As the drive amount of the electric aperture device (main aperture) 24, the aperture amount (drive amount) up to the open FNO light flux at each focal length is stored in advance in the microcomputer, and the zoom encoder 19 (cam barrel 2) is stored. The motorized diaphragm device (main diaphragm) 24 is driven by detecting the zoom position by detecting the rotation amount of the.

FIG. 3 shows the image plane illuminance ratio in the wide open state. The vertical axis represents the illuminance ratio, and the horizontal axis represents the image height. The broken line shows the state where the electric diaphragm device (main diaphragm) 24 is not closed, and the solid line shows the open FNO.
It is in a state in which it is narrowed down to near the light flux. As is clear from this figure, the contrast ratio between the middle part of the screen and the peripheral part is alleviated, and the photograph does not appear to have insufficient peripheral light quantity.

[0032]

As described above, according to the present invention, even in the open state, the focal length is detected by the zoom encoder, and the electric aperture device (main aperture) is driven to the vicinity of the open FNO light flux at that focal length. Since it is configured such that the amount of incident light in the middle portion of the screen can be limited, there is an effect that it is possible to prevent the peripheral light amount from being insufficient or vignetting to be taken.

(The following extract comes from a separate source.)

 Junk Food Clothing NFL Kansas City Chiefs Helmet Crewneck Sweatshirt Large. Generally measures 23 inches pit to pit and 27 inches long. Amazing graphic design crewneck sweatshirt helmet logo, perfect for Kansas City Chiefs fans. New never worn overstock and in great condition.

[Brief description of drawings]

FIG. 1 is a vertical cross-sectional view showing a zoom device according to a first embodiment of the present invention.

FIG. 2 is an enlarged view of a main part of the electric diaphragm device portion of FIG.

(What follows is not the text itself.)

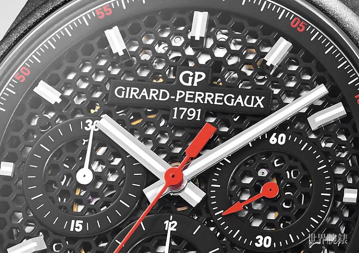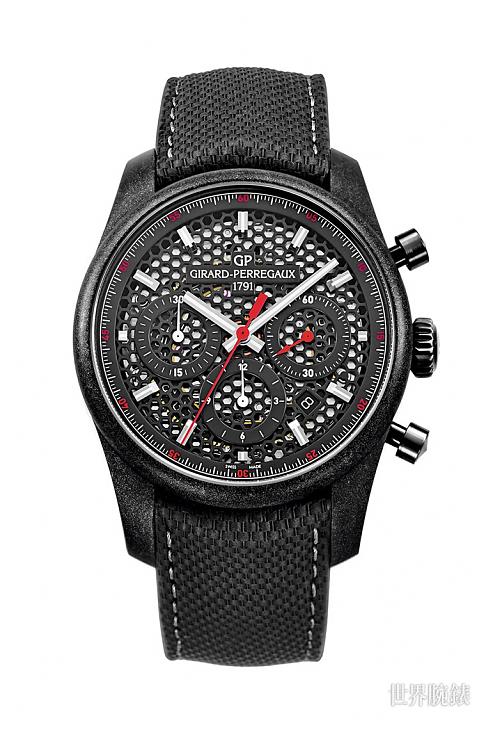 碳纤维、DLC鈦金属材质/GP03300-0122自动上鍊机芯/时、分、小秒、日期显示/计时码表功能/蓝宝石水晶镜面、透明底盖/表径42mm/防水30米/参考价:NT$ 380,000

FIG. 3 is a diagram showing an image plane illuminance ratio.

[Explanation of symbols]

 7 Ultrasonic Motor (Stepping Motor) 19 Zoom Encoder 24 Electric Aperture Device (Main Aperture) 26 Sub Aperture 27 FNO Luminous Flux

Claims (8)

[Claims] 1. A diaphragm device capable of narrowing down to a small diaphragm,
A zoom device equipped with a sub-iris that determines an open FNO at each focal length in conjunction with a zoom operation, wherein the diaphragm device is driven even in the open state by the zoom operation. 2. The FNO at each focal length
The zoom device according to claim 1, wherein the zoom device is driven to near the light flux. 3. The zoom device according to claim 1, wherein the focal length is detected by a zoom encoder. 4. The zoom device according to claim 1, wherein the diaphragm device uses a stepping motor as a drive source. 5. The sub-iris operates in conjunction with a zoom operation to obtain a T
The zoom apparatus according to claim 1, wherein the open FNO other than the ELE end is determined. 6. The zoom device according to claim 1, wherein the sub diaphragm is located rearward of the diaphragm device. 7. The zoom device according to claim 1, wherein, in the open state, the aperture device is narrowed down to a vicinity of an FNO light flux in association with a zoom operation. 8. Any one of claim 1 to claim 7.
An optical apparatus comprising the zoom device according to the item.